MEET THREE AFRICAN-AMERICAN PHILANTHROPISTS SHAPING THE FUTURE OF FAIRFIELD COUNTY

Novelette Peterkin

Executive Director,
The Carver Foundation of Norwalk, Inc.

As the executive director of the Carver Foundation of Norwalk, a Connecticut nonprofit that is the city’s largest private provider of afterschool and summer programs, Novelette Peterkin is committed to partnering with both parents and public schools to “build lifetime achievers.” She is a member of the National Black MBA Association, has served as a panelist for the Norwalk Chamber of Commerce Leadership Institute and the Fairfield Leadership Development Roundtable, and received the Women of Distinction Award in 2013 from the Darien YWCA.

“I am passionate about giving every advantage to the most disadvantaged youth in Norwalk today. I can only hope that this important work will contribute in some small way to gradual social change tomorrow. As a Jamaican immigrant who came to the United States as a child, you might assume my passion arises from my ethnic heritage. It does not. I am just as passionate for the success of our Hispanic youth, and white youth, and Asian youth, as I am for our black young people. The alignment of my passion and purpose, and how I sustain that passion day-in and day-out, depends on my honoring and responding in-kind to the passion my students have for embracing Carver’s mission of Building Lifetime Achievers.

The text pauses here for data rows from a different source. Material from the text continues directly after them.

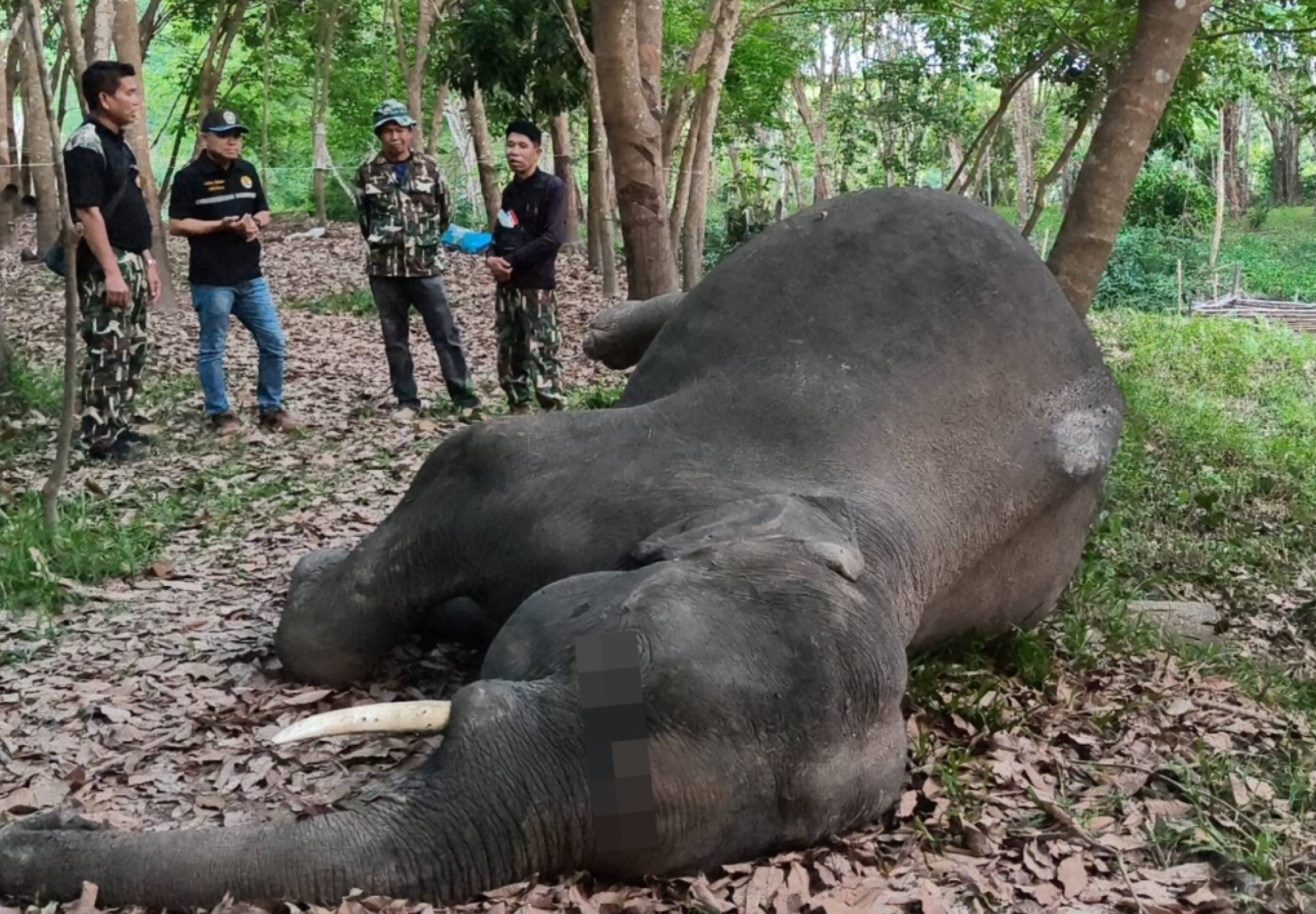 A male wild elephant from Phu Wua Wildlife Sanctuary has been found dead under unexplained circumstances in a rubber plantation in Bueng Kan Province, prompting authorities to order an urgent necropsy. Officials confirmed there were no visible signs of injury, raising concerns about the cause of death. The discovery has led to immediate coordination between park authorities and veterinary teams to determine what happened.
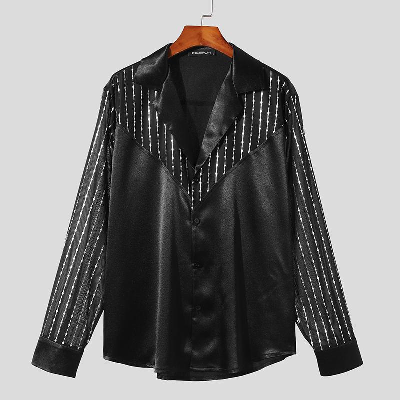 INCERUN Мужские блестящие атласные элегантные лоскутные рубашки с V-образным вырезом и длинными рукавами S
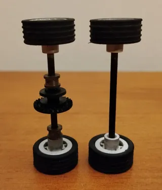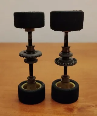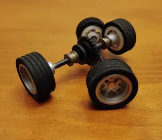 Conjunto de ejes y llantas completos para coche a escala 1:32.
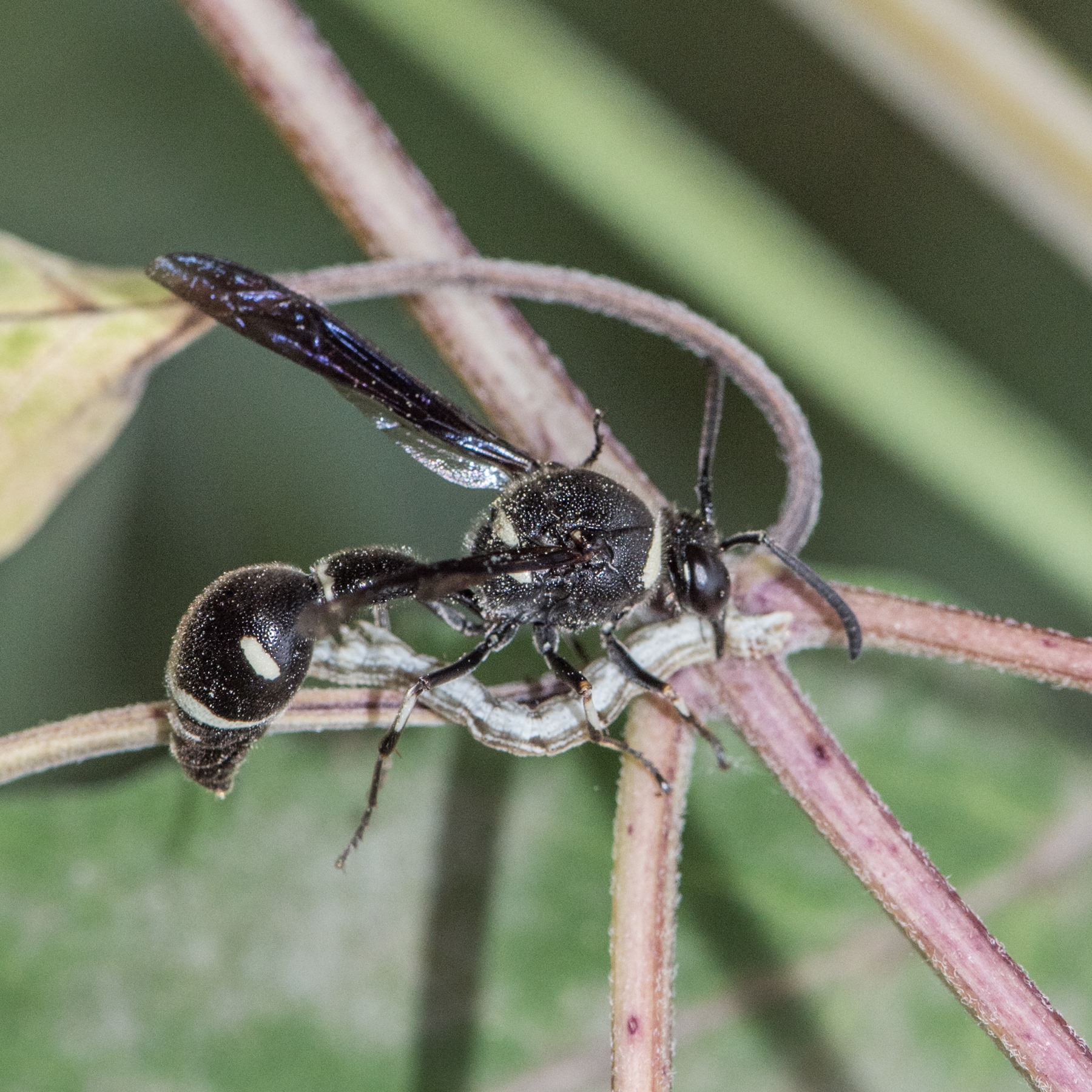Featured below is the fraternal potter wasp (Eumenes fraternus).This small black and white wasp is very docile. It didn't care that I was close, zooming in with my phone to take her picture. Potter wasps are non-aggressive and live a solitary life after mating.

Our work to help close the achievement gap in Norwalk is financially under-valued and too often ignored as an impossible dream that no other city of Norwalk’s size and diversity has ever achieved. The transformative potential of giving is witnessed in the lives of Carver kids every day. Generous and believing people and institutions such as Fairfield County’s Community Foundation are changing Norwalk, if not society, from the inside out. I have the privilege of witnessing this transformation every day. We can absolutely close the achievement gap in Norwalk. Given the wealth in Fairfield County, the excellence of our teachers, and most importantly, the capacity of our young people to overcome serious challenges to achieve their dreams, Norwalk is the nation’s best chance at being the first to finally close the achievement gap and much more. Generous and even sacrificial giving is essential to make this happen. Giving already, each day, changes lives and is already influencing positive change for generations to come. That is the power and promise of giving.”